In the third year of the program aimed at saving Greece’s economy, the only sure thing is that our uncertainty has no end. For any great project to succeed, citizens must believe in it – they must have a clear picture of where they are, which problems they face and where their destination lies. When we know where we’re going, when we have some idea of when we’ll get there, we can withstand the greatest hardships; when we lose our way we will start looking for new truths, like the Jews who lost faith in Moses and God and worshipped another people’s deity.

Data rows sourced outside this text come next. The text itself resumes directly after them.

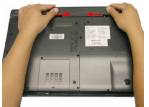
Push tabs in the release direction

Place the computer upside down on a protected surface with the front edge facing you.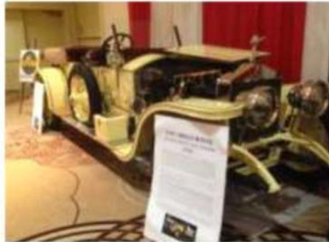
1913 Rolls Royce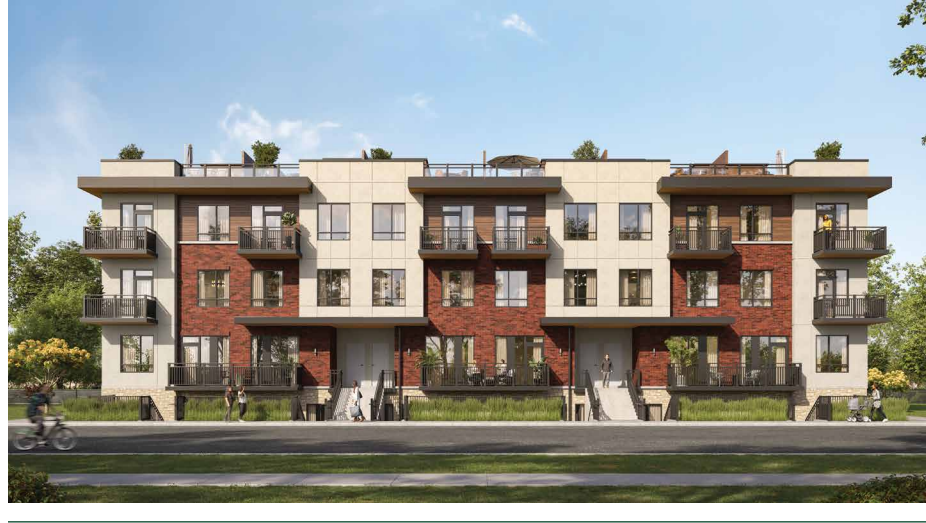
Elevation C Block 14

1 Bedroom 1 Bathroom Indoor: 515 sq.ft. Outdoor: 96 sq.ft. Total: 611 sq.ft.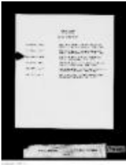
West Coast Agency - Ahousaht Residential School - School Land, 1930-1936 (2055996)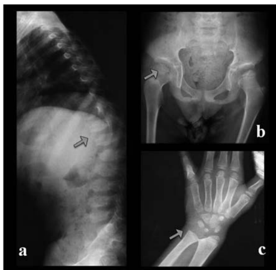
Fig. 2. Dysostosis multiplex (a. Vertebral beaking, b. Shallow acetabulum and c. Mild hypoplasia of medial distal radius, and mild cortical tinning of metacarpal bones) on X-ray.

distinction, historically two clinical subtypes of fucosidosis have been delineated. Type I is the rapidly progressive form, beginning before one year of age, leading to rapid neurological deterioration, seizures, growth retardation and visceromegaly. Death occurs in the first decade. Type II is the slowly progressive form, with onset usually before age two and a slower advance of neurologic deterioration, spasticity and angiokeratomas. Most individuals survive to ages 20-40. Type I and type II fucosidosis represent the extreme poles of a continuous clinical spectrum. Williams et al. 3 reviewed findings of 77 fucosidosis patients; 17 of 77 cases were symptomatic before age one, and 14 of these individuals died before age 10. No associations exist between disease severity and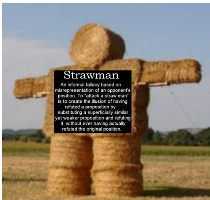
Figure 3Stawman -- will use it to respond on FB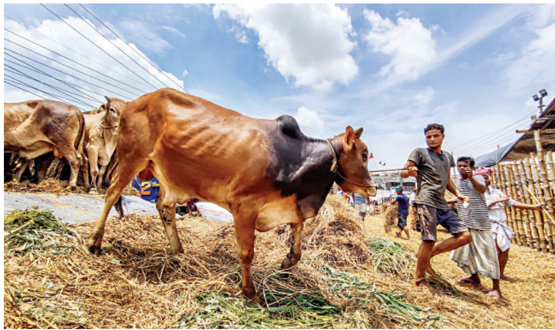
Although traders are poised to sell the animals they brought to the cattle markets this year, customers are still sparse. Traders are hoping that sales will pick up right before Eid. This photo was taken recently from Gabtoli cattle market.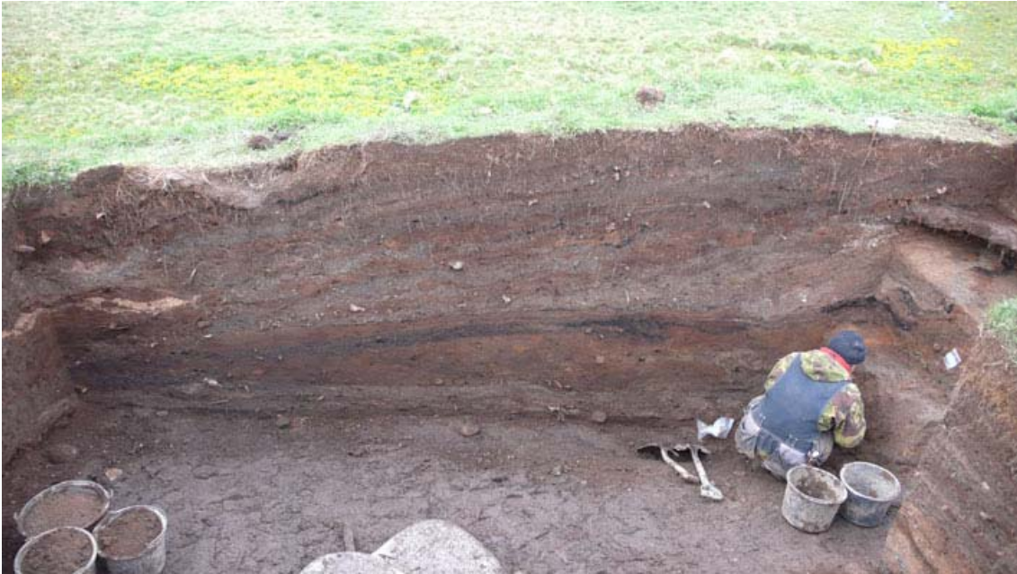
Figure 7: Uggi Aevansson excavating in the Old/Extension unit. SU8 is clearly visible as a thick black band in the middle of the section, with post-medieval ash and turf soil layers deposited on a slant above, and turf and midden layers below.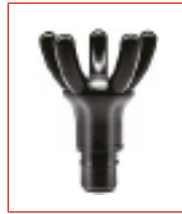
Five-Claw Head for muscles bulging such as calf muscles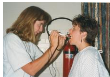
Students in lab workshop 1994

The Graduate School of Nursing Papers documents the establishment of the Graduate School of Nursing and chronicles its early history and development.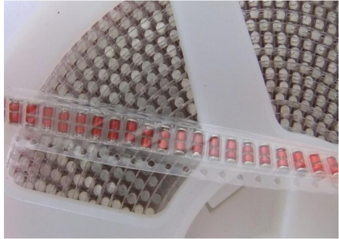
SMB Series Photo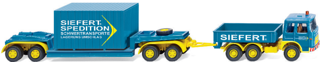
0504 02 Heavy duty truck (MAN 19.230)

Classics of the 1950s to 1980s will give WIKING a perfect start to 2014. The Büssing 8000 with a rear dump truck trailer is entering the scene for the first time as a construction site vehicle. The Magirus forward drive vehicle arrives as a municipal vehicle with an access platform, while the Mercedes-Benz L 1413 runs away for special use at THW. Back in the 1970s, the exemplars of the legendary MAN-Pausbacke were breakdown trucks and its successor MAN 19.230 was as a heavy duty truck on the road for the shipping company Siefert. The

As we wander the desert of Europe’s disorientation in the early 21st century, we must note that our citizens are the last who should be blamed for the uncertainty that plagues us. They have shown unbelievable tolerance and heroism in the face of a most violent adjustment to their new economic and social circumstances. The greatest danger comes from those who should be showing the way out of trouble: The leaders of Europe and Greece are those who don’t know where we are going.

In recent days, we witnessed a strong difference of opinion between members of the troika of our creditors, with the European Central Bank rejecting Athens’s proposal for a funding gap in 2014 to be covered by a rollover of bonds worth 4.4 billion euros that were issued to strengthen banks’ capital in 2009. The International Monetary Fund and the Commission – the other two troika members – agreed with Athens’s idea. In other words, in the sixth year of recession, with our incomes already slashed and endless taxes raining down upon our heads, we still don’t know whether we will face even harsher austerity.

The government, knowing that it cannot impose new measures, is forced to stand up to the troika, with the aim of negotiating a new way out of the impasse, or with the unspoken threat of calling early elections. These desperate measures may force our creditors and partners to consider the dangers posed by their rigid stand, but they do nothing to put citizens’ minds at ease. Those who issue our orders cannot agree with each other, our own leaders make desperate threats (or, like our official opposition, persist with equally self-destructive delusions), while citizens suffer one blow after another, without knowing when and if the plagues will end.

No one expects the journey to end in the Promised Land – we all know that that is where we fell from and that there is no going back. But Brussels and every EU capital must realize that not only the Greeks but – sooner or later – all Europeans need to learn where we are headed. Because without a destination, without a vision to bind it, no society, no country, no union can remain whole.